Oddly enough, Robert Farley came up with a related idea in this post:
Standing on the corner of Mission and 16th, you can really understand why Bill O'Reilly and his ilk HATE San Francisco; it represents a challenge to their entire vision of what America is and ought to be. Part of it is the politics, yes, but the culture is more; it's about being able to hear half a dozen different languages at one time and see people from, literally, everywhere.
For O'Reilly, San Francisco represents a rejection of America, which is to say a rejection of the set of imaginary traditions that social conservatives hold dear.
This actually turns back on the debate on marriage taking place at Box Turtle Bulletin: the idea that conservatives hold an imaginary vision of America that 1) doesn't match the reality at all, and 2) repels most Americans. (I hope.) A key point from Patrick Campbell's latest rebuttal:
In addition, Stanton demonstrates ethnocentrism by requiring that marriage be defined on his terms: if a society recognizes same-sex marriages as equal to opposite-sex ones, he dismisses them because they do not match his definition of marriage.
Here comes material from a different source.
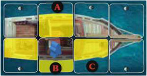 Adjacency Example #2: One Boat Space has been damaged (C) and another has been destroyed (A). Hooper is now adjacent to two Boat Spaces and three Water Spaces because his space shares a border with all of them.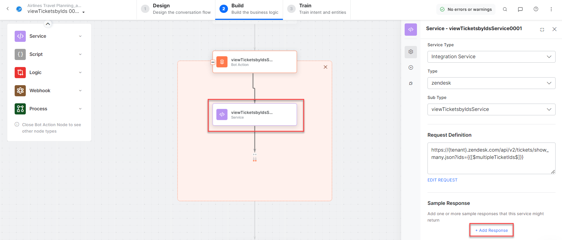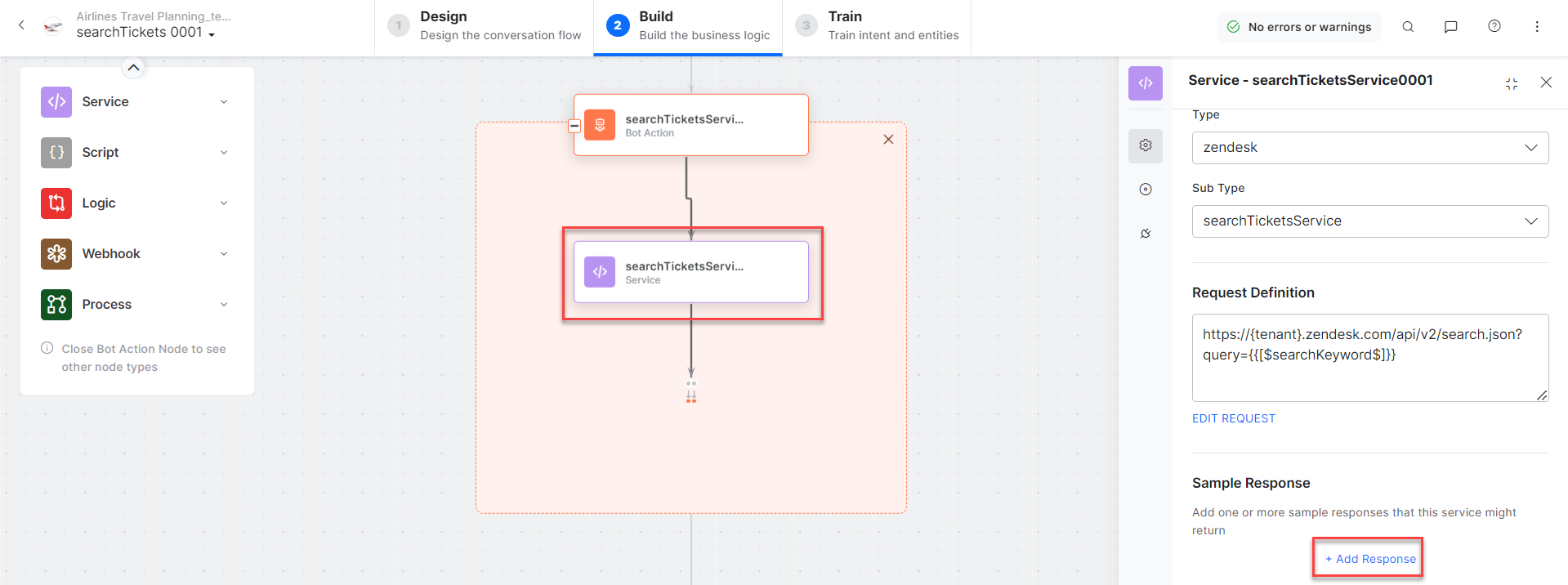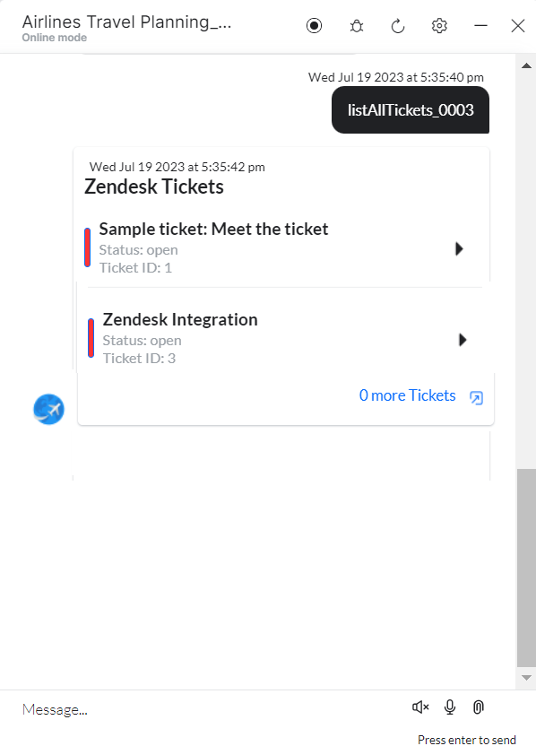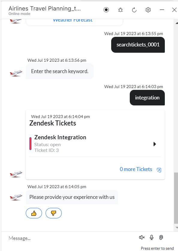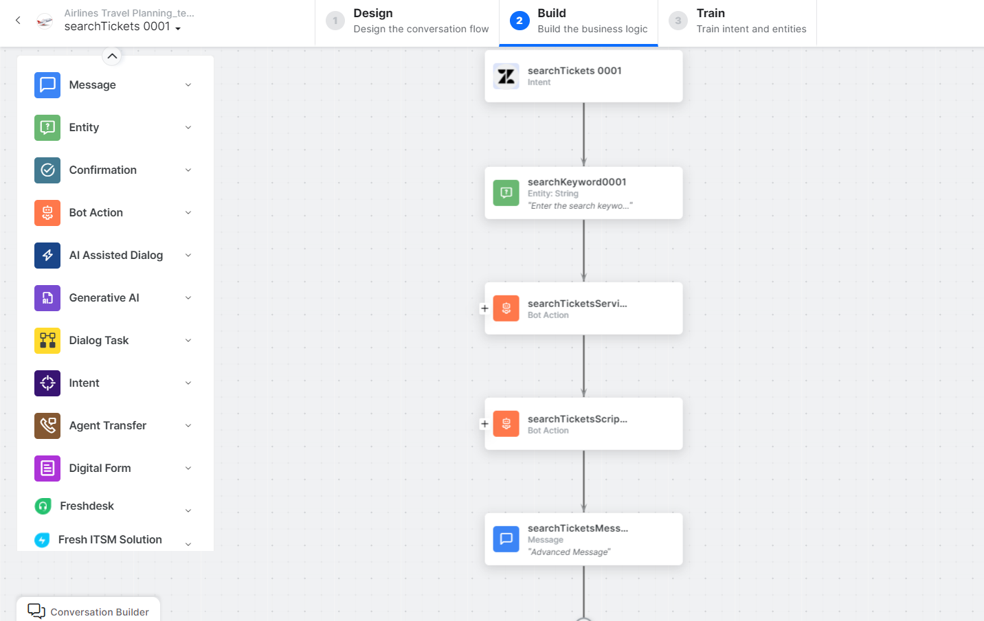 - searchTicketMessage – A message node with the script to display responses for searching tickets with keywords.

That pinpoints one of the key issues here: Stanton, like Dobson, like Bush, like O'Reilly, demonstrates complete ethnocentrism in regard to questions of culture. The flaw is that their "culture" is one that has never existed -- it's the one they're trying to impose on the rest of us. Thus Farley can note that O'Reilly hates San Francisco -- a city that has its own history and path of development, an organic entity that admits of no ideology except what we can surmise from its reality -- because it doesn't fit the idea of what an American city is that he wants to impose on it.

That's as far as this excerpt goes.